# Fabregas è del Como. E' fatta.



## admin (14 Luglio 2022)

Sky Calciomercato: Fabregas giocherà nel Como, in Serie B. Lo spagnolo ha scelto di giocare in Italia e proseguirà la sua carriera nel Como.


----------



## admin (14 Luglio 2022)

admin ha scritto:


> Sky Calciomercato: Fabregas giocherà nel Como, in Serie B. Lo spagnolo ha scelto di giocare in Italia e proseguirà la sua carriera nel Como.



Mah


----------



## emamilan99 (14 Luglio 2022)

admin ha scritto:


> Sky Calciomercato: Fabregas giocherà nel Como, in Serie B. Lo spagnolo ha scelto di giocare in Italia e proseguirà la sua carriera nel Como.

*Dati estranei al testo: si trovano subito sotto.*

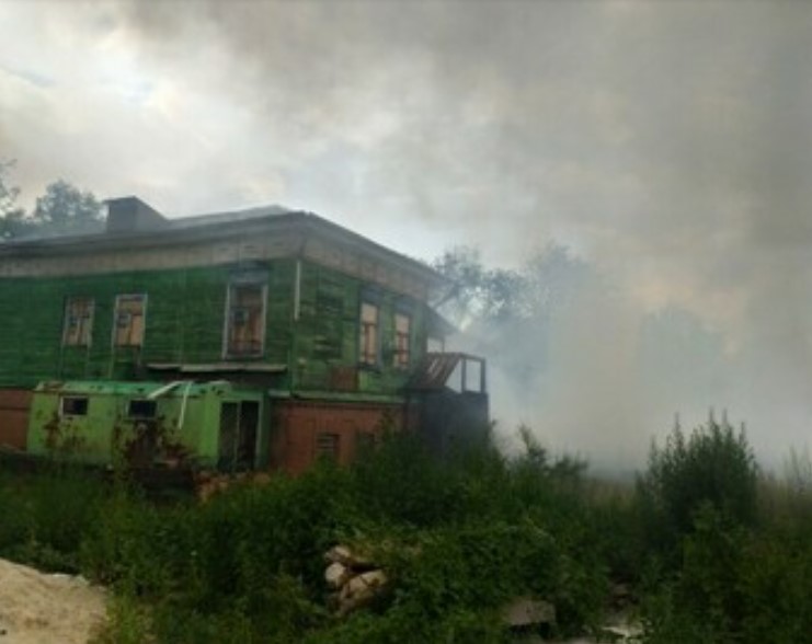 Горят хозяйственные постройки близ деревянного здания Дальгеологии, являющегося объектом культурного наследия. На место прибыли два пожарных автомобиля, «скорая» и автомобиль поисково-спасательного отряда. Здание пытаются спасти от огня, сараи практически полностью сгорели.
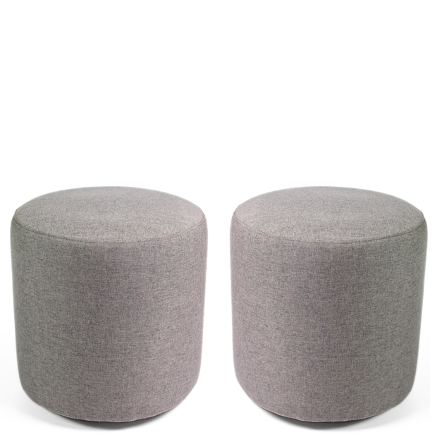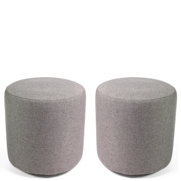 Kit 02 Puff Perse Decorativo Tecido Linho Banqueta Redondo Cinza
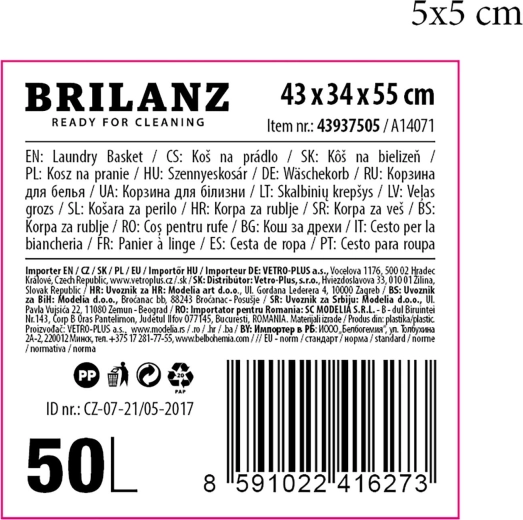 Díky kvalitnímu plastu je koš lehký, přesto odolný a snadno omyvatelný. Praktické rozměry 55 × 43 × 34 cm usnadňují umístění i v menších místnostech.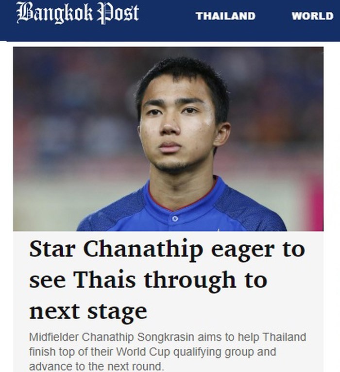 Chia sẻ với truyền thông Thái Lan mới đây, Chanathip Songkrasin tỏ ra rất tự tin: “Mục tiêu của tôi là giúp đội tuyển quốc gia Thái Lan đứng đầu bảng G. Tôi muốn chiến thắng tất cả trận đấu của vòng bảng."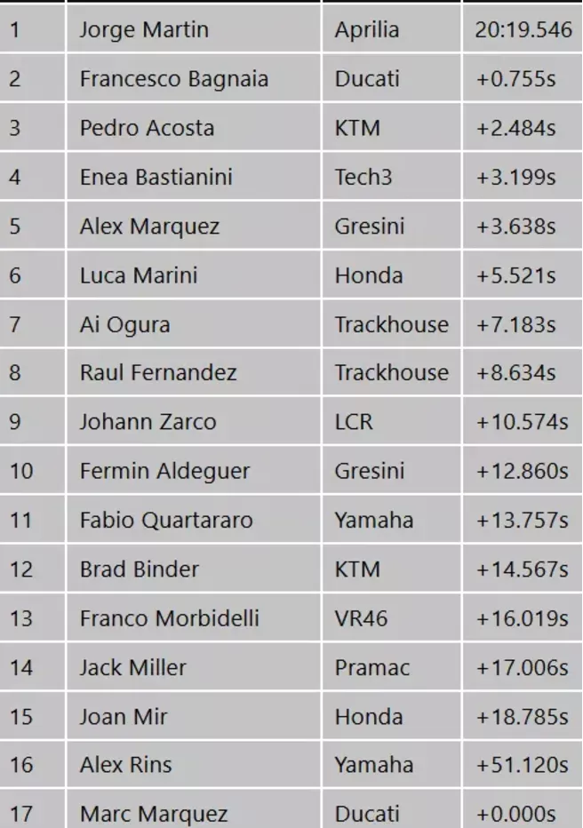 Bagnaja odmiče, Pedro Acosta na KTM preuzima drugo mjesto, a Aprilije Martina i Marca Bezzecchija ga love. Ubrzo ga obilazi Martin, pa i Bezz, da bi u klubskom duelu Bezz obišao i Martina i krenuo u potjeru za Ducatijem Bagnaje.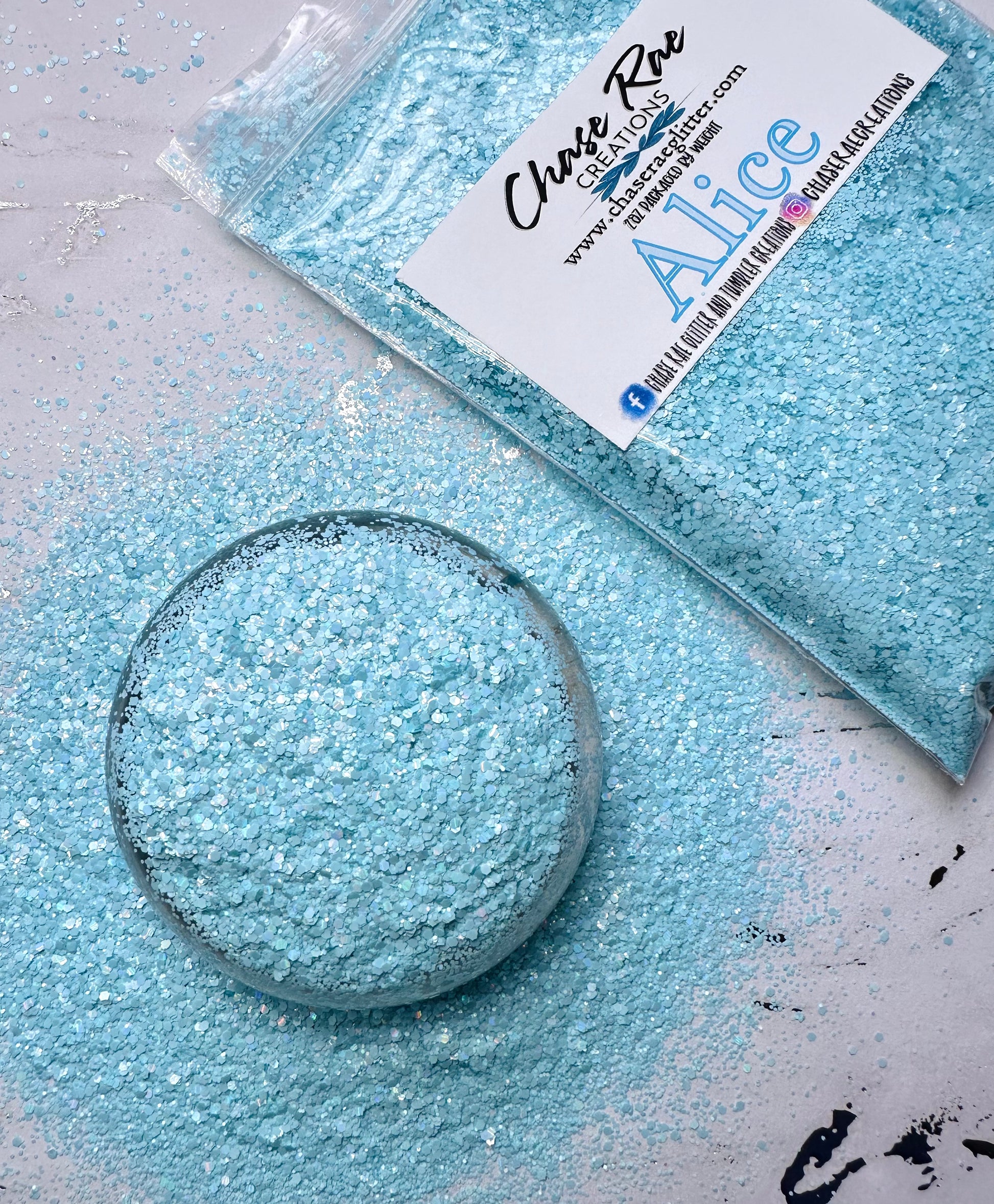 Alice is a beautiful, holographic pearl glitter. Completely opaque with no translucency.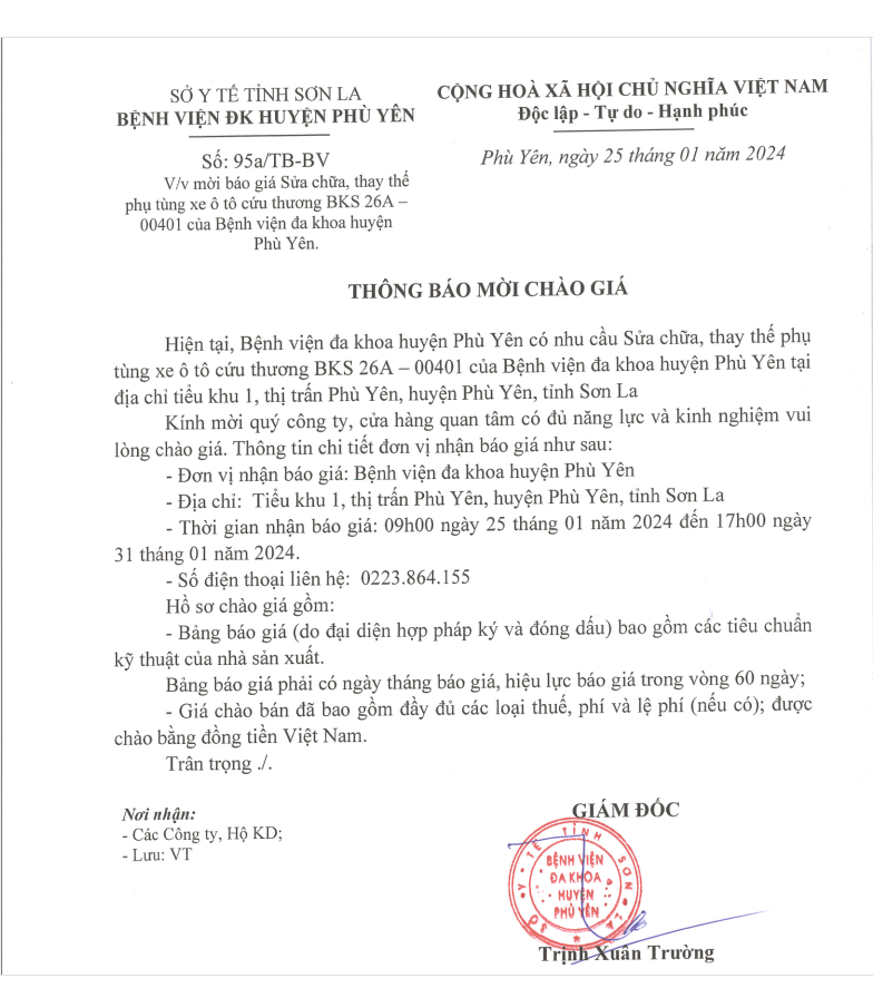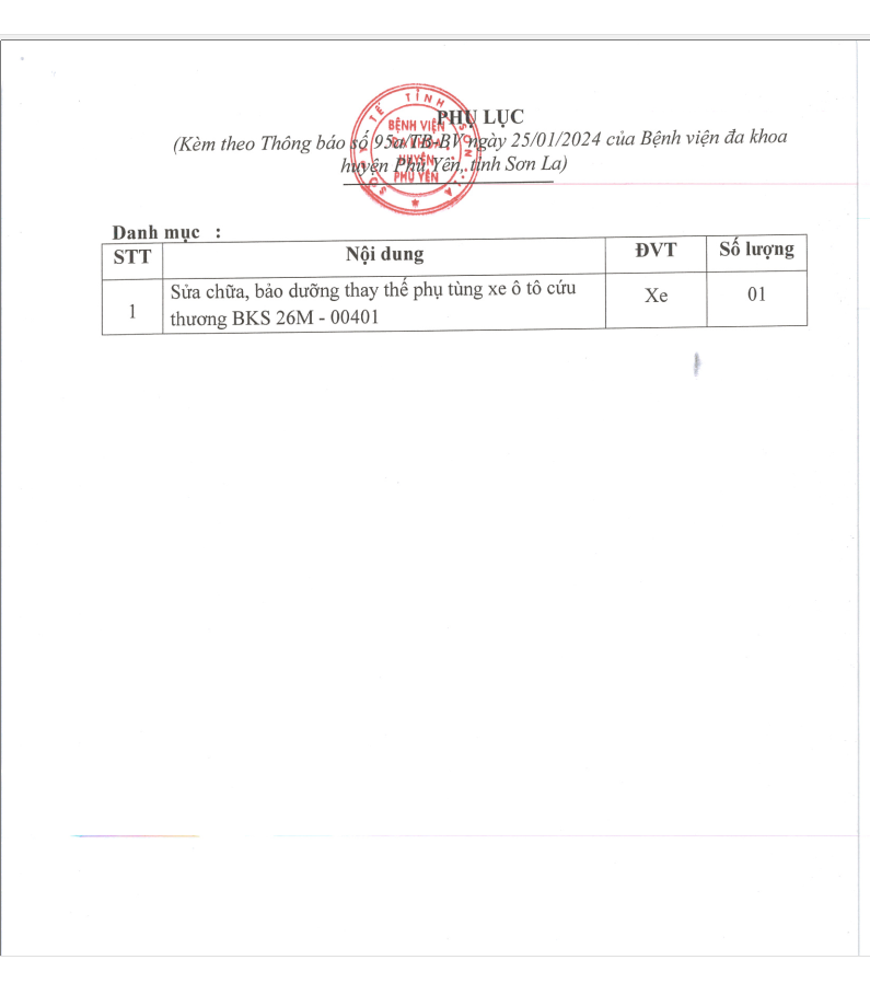 Mời báo giá Sửa chữa, thay thế phụ tùng xe ô tô cứu thương BKS 26A – 00401 của Bệnh viện đa khoa huyện Phù Yên

Ma vai a quel paese di marzio.. io credevo che annunciassi una bomba sul milan visto che stavi parlando del milan.. mi aspettavo l'annuncio delle visite mediche di cdk e ziyech


----------



## Divoratore Di Stelle (14 Luglio 2022)

admin ha scritto:


> Sky Calciomercato: Fabregas giocherà nel Como, in Serie B. Lo spagnolo ha scelto di giocare in Italia e proseguirà la sua carriera nel Como.



Cos ? 
Mi state dicendo che Galliani si è fatto sfuggire Fabregas ?
E che Fabregas ha accettato l'offerta del Como ?
Ma cosa sta diventando il calcio,una giungla ????


----------



## @[email protected] (14 Luglio 2022)

I proprietari del Como, due fratelli indonesiani sono nella top 100 delle persone più ricche al mondo. Più ricche dei vari Zhang e Abramovich messi assieme. Quest'anno in B si sono piazzati tranquillamente a metà classifica ma stanno costruendo una bella squadra per tentare la salita in A. Il progetto e la voglia di spendere ci sono e dopo i vari fallimenti maturati con la gestione Preziosi & c. se lo meritano.


----------



## Djici (14 Luglio 2022)

@[email protected] ha scritto:


> I proprietari del Como, due fratelli indonesiani sono nella top 100 delle persone più ricche al mondo. Più ricche dei vari Zhang e Abramovich messi assieme. Quest'anno in B si sono piazzati tranquillamente a metà classifica ma stanno costruendo una bella squadra per tentare la salita in A. Il progetto e la voglia di spendere ci sono e dopo i vari fallimenti maturati con la gestione Preziosi & c. se lo meritano.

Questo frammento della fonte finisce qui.